Il faut de la patience, il faut du temps ! Quand on travaille avec les gens et qu’on leur dit : « Non ce n’est pas bon de dépendre uniquement de la chasse parce que ce n’est pas quelque chose de durable », la plupart du temps, ils ne comprennent pas. Mais au fur et à mesure qu’on insiste, ils finissent par comprendre le sens et la valeur de notre message. C’est comme ça qu’ils peuvent vous suivre. Nous comprenons aussi qu’il n’est facile d’arrêter une activité brusquement. Notre ressource principale est le temps. 20 ans ce n’est pas deux ans. (Rires) Donc avec du temps, on a réussi à convaincre les gens à comprendre l’importance de ce qu’on est en train de faire. Egalement, nous avons pris en compte les besoins des populations. Par exemple, on a observé que les femmes mettaient beaucoup de temps pour transformer le manioc. En discutant avec la population, on a apporté du matériel qui facilite ce travail. Ainsi, elles peuvent cultiver plus de manioc qu’elles transforment en mitoumba ou « bobolo » et vendent même ailleurs. C’est une source de revenus important pour les familles. En anglais on parle « d’empowerment » donc, une certaine autonomie financière.

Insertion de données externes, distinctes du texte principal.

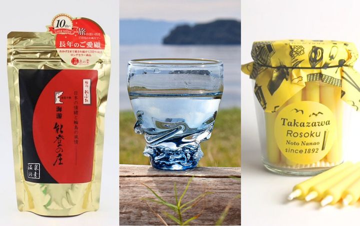 ※TOP画像:(写真左)輪島・ねぶた温泉のもと、(写真中央)能登島ガラス工房のグラス、(写真右)七尾・高澤商店の菜の花ろうそく
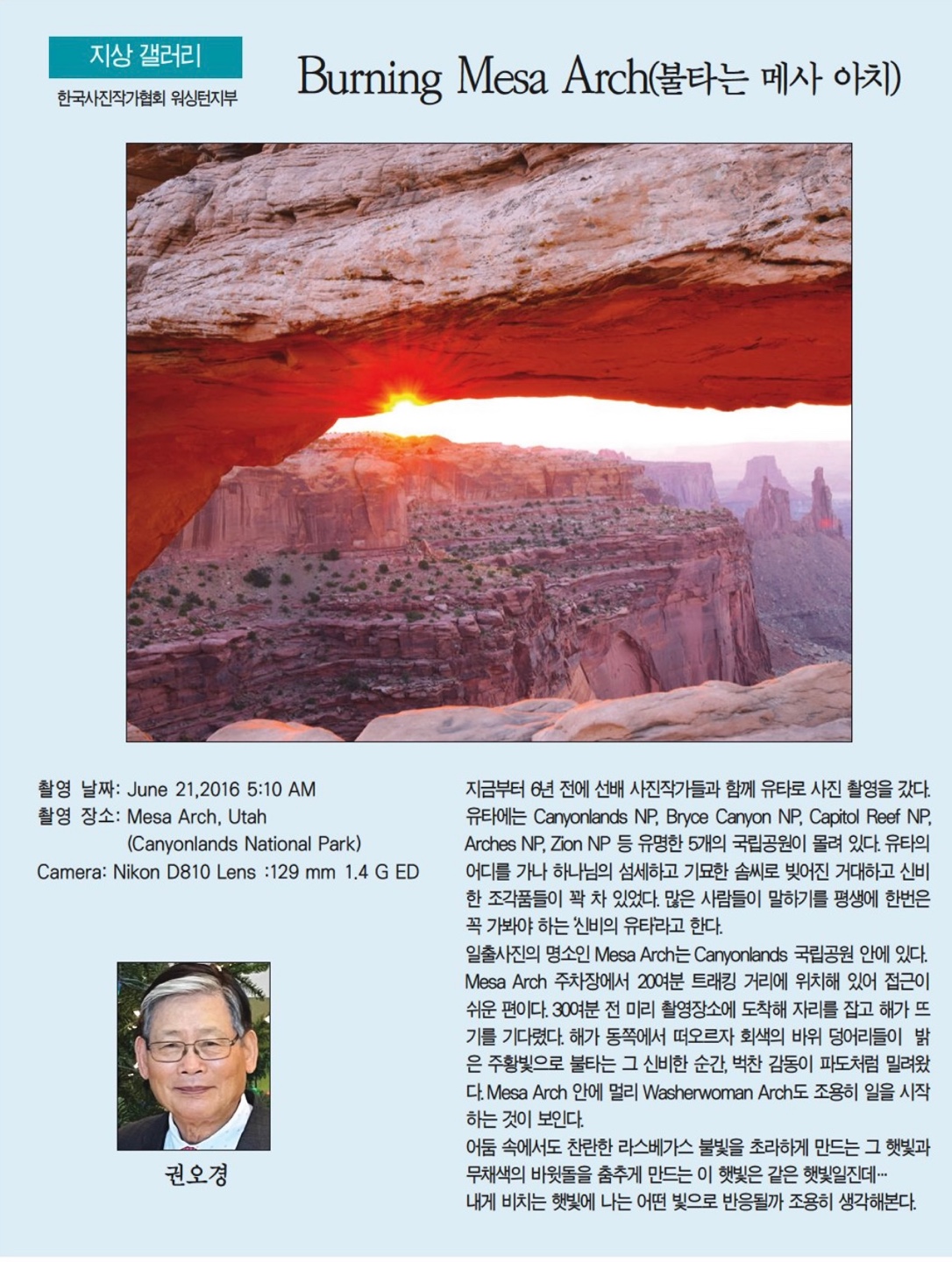 Burning Mesa Arch(불타는 메사 아치). 권오경. 7월 27일 2023년. 한국일보9/23/2023 By e4d56301-3902-4b82-9776-b75b91be4626 |

Un élevage de poulet de chair mis en place pour générer les revenus nouveaux

Malgré les obstacles, vous venez de recevoir un prix. Qu’est-ce que cela représente pour vous ?Ce prix est très important pas seulement pour moi personnellement mais aussi pour toute la grande équipe qui m’accompagne au quotidien. Et quand je dis grande équipe, il ne s’agit pas seulement de celle qui constitue le San Diego Zoo Wildlife Alliance ou la Cameroun Biodiversity Association, mais aussi toutes les communautés riveraines de la forêt. On travaille en étroite collaboration avec ces dernières. On fait des travaux de recherches biologiques ensemble. C’est aussi ensemble que nous sensibilisons les populations dans les villages. C’est également ensemble que nous recherchons les moyens alternatifs de sources de revenus. Aujourd’hui, on me cible pour un prix, je ne peux pas dire qu’il m’appartient. C’est pour tout ce monde qui travaille sur ce projet.